The above configuration can provide a polarization maintaining fiber preform which makes it possible to easily obtain, by drawing the polarization maintaining fiber preform, a polarization maintaining fiber whose cross section is flattened.

The polarization maintaining fiber preform in accordance with one or more embodiments of the present invention is configured such that: a melt viscosity η1(z) of the core, a melt viscosity η2(z) of the inner cladding, a melt viscosity η3(z) of the stress applying parts, and a melt viscosity η4(z) of the outer cladding, at each cross section, have the following magnitude relations: η3(z)<η2(z)<η4(z), and η3(z)<η1(z)<η4(z).

The above configuration can provide a polarization maintaining fiber preform which makes it possible to more easily obtain, by drawing the polarization maintaining fiber preform, a polarization maintaining fiber whose cross section is flattened.

A method, in accordance with one or more embodiments of the present invention, for manufacturing a polarization maintaining fiber is configured to include the step of: drawing a preform including a core, an inner cladding enclosing the core, stress applying parts provided on both sides of the inner cladding and sandwiching the inner cladding therebetween, and an outer cladding enclosing the inner cladding and the two stress applying parts, in the preform, each of the two stress applying parts causing the inner cladding to be depressed inward upon each of the two stress applying parts such that each of the two stress applying parts is received in a depression of the inner cladding, and in the polarization maintaining fiber, the inner cladding causing each of the two stress applying parts to be depressed inward upon the inner cladding such that the inner cladding is received in a depression of each of the two stress applying parts, and the core having a cross section flattened such that a long-axis of the core corresponds to a direction in which the two stress applying parts are aligned.

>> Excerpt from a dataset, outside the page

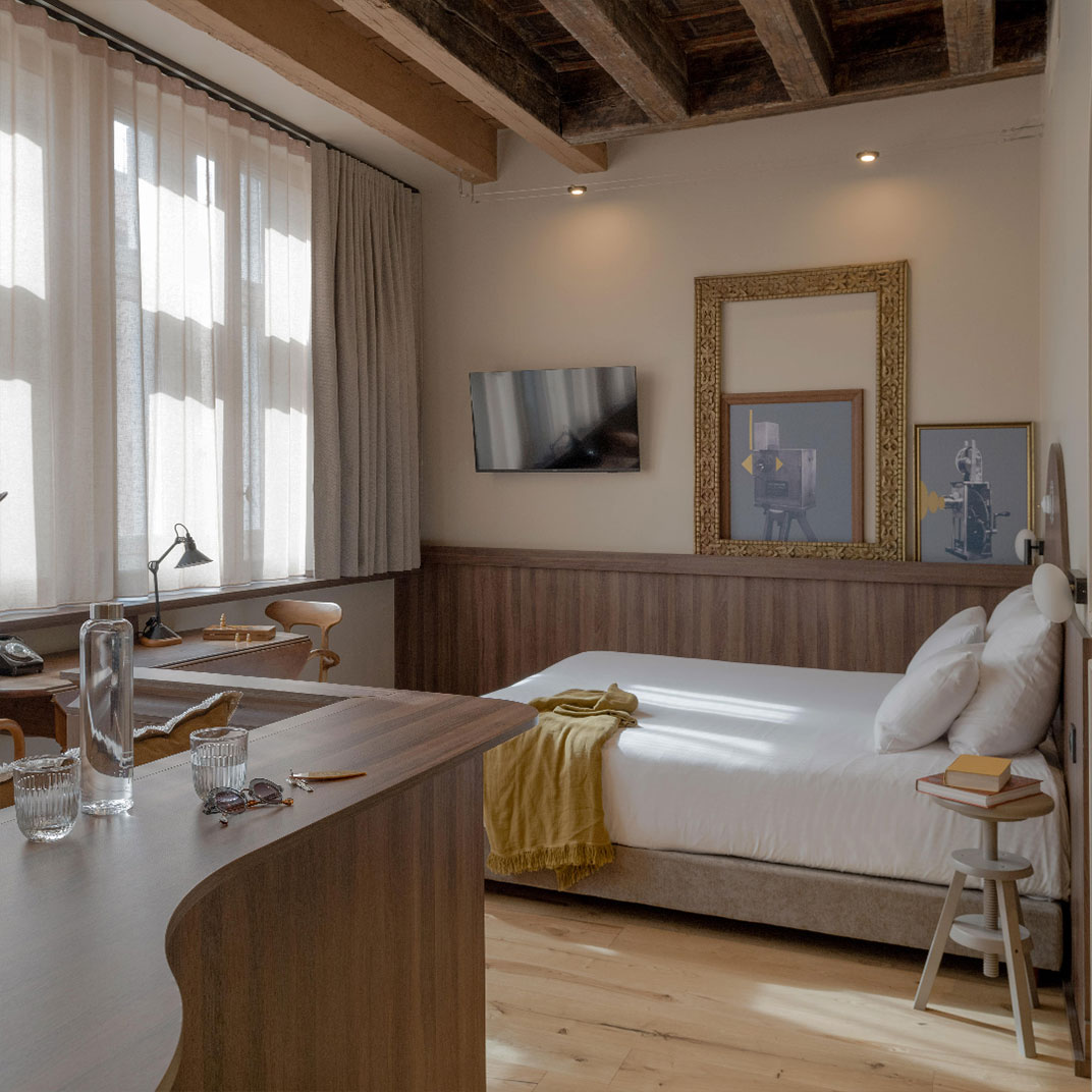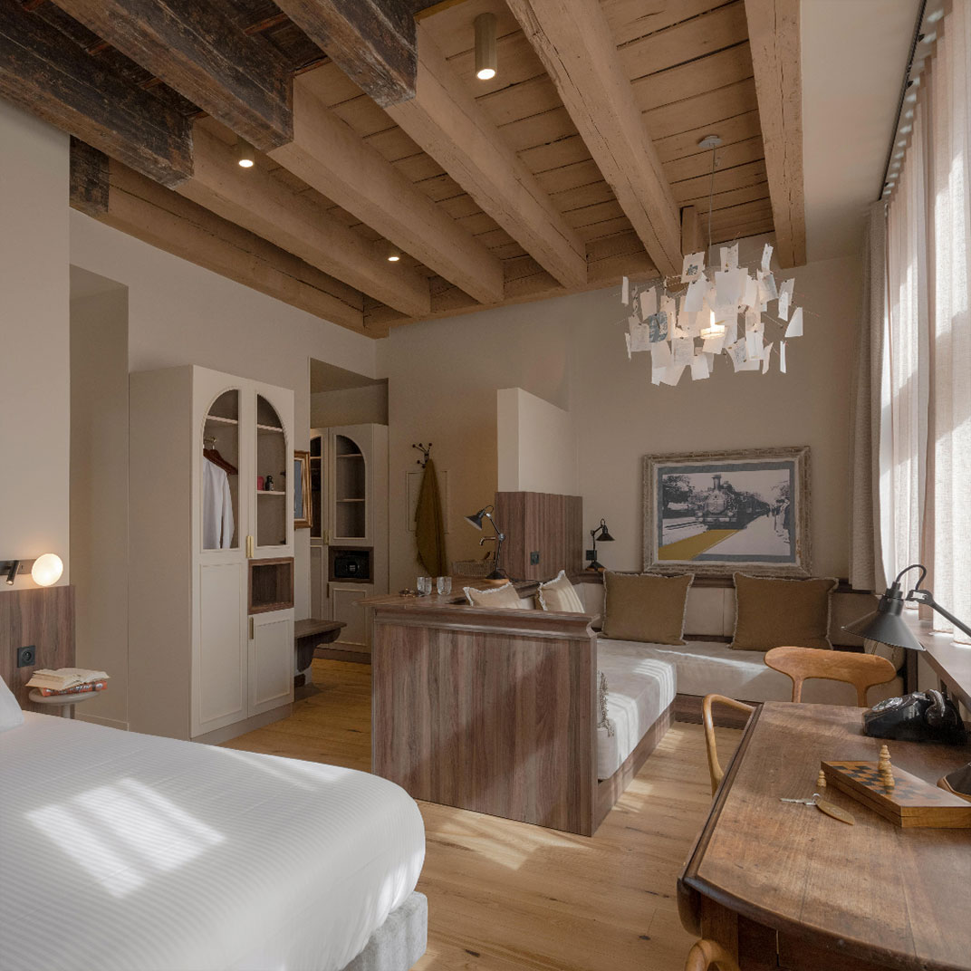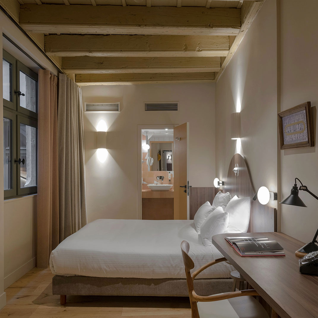 Housed in a restored 15th century property, Académie Hôtel Lyon is full of the same historic charm as the cobbled streets that surround it. Situated in Vieux Lyon, Lyon’s UNESCO-protected old town, the hotel still retains many of its centuries-old design elements, including its listed courtyard, arched stone doorways, and a sculpted coat of arms. Given the age of the building, rooms are understandably on the smaller side, but feel cozy rather than cramped, with parquet flooring, wood panelling, and the original French beamed ceilings. There’s no restaurant — although you can stop by for a drink at the cocktail bar linked to the hotel — but you won’t be short of options in Vieux Lyon, which is one of the city’s gastronomic hotspots.
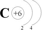 Углерод (лат. Carboneum) С – химический элемент IV группы периодической системы Менделеева: атомный номер 6, атомная масса 12,011(1). Рассмотрим строение атома углерода. На наружном энергетическом уровне атома углерода находятся четыре электрона. Изобразим графически:

The above configuration makes it possible to easily manufacture a polarization maintaining fiber whose cross section is flattened.

The method in accordance with one or more embodiments of the present invention is configured such that: in the preform being subjected to drawing, a melt viscosity η1(z) of the core, a melt viscosity η2(z) of the inner cladding, a melt viscosity η3(z) of the stress applying parts, and a melt viscosity η4(z) of the outer cladding, at a cross section between a cross section at a highest temperature and a cross section where a diameter of the cross section stops decreasing, have the following magnitude relations: η3(z)<η2(z)<η4(z), and η3(z)<η1(z)<η4(z).

The above configuration makes it possible to more easily manufacture a polarization maintaining fiber whose cross section is flattened.

Additional Remarks

Although the disclosure has been described with respect to only a limited number of embodiments, those skilled in the art, having benefit of this disclosure, will appreciate that various other embodiments may be devised without departing from the scope of the present invention. Accordingly, the scope of the invention should be limited only by the attached claims.

REFERENCE SIGNS LIST

• • 1 polarization maintaining fiber
  • 11 core
  • 12 inner cladding
  • 13a, 13b stress applying part
  • 14 outer cladding
  • 1A preform of polarization maintaining fiber (polarization maintaining fiber preform)
  • 2 optical device
  • 21 substrate-type optical waveguide (optical waveguide)
  • 22 first optical fiber (polarization maintaining fiber)
  • 23 second optical fiber

Claims

1. A polarization maintaining fiber comprising:

a core;

an inner cladding enclosing the core;

two stress applying parts that sandwich the inner cladding therebetween; and

an outer cladding enclosing the inner cladding and the two stress applying parts, wherein

each of the two stress applying parts is depressed inward against the inner cladding, and

the core has a flattened cross section having a long-axis that corresponds to a direction in which the two stress applying parts are aligned.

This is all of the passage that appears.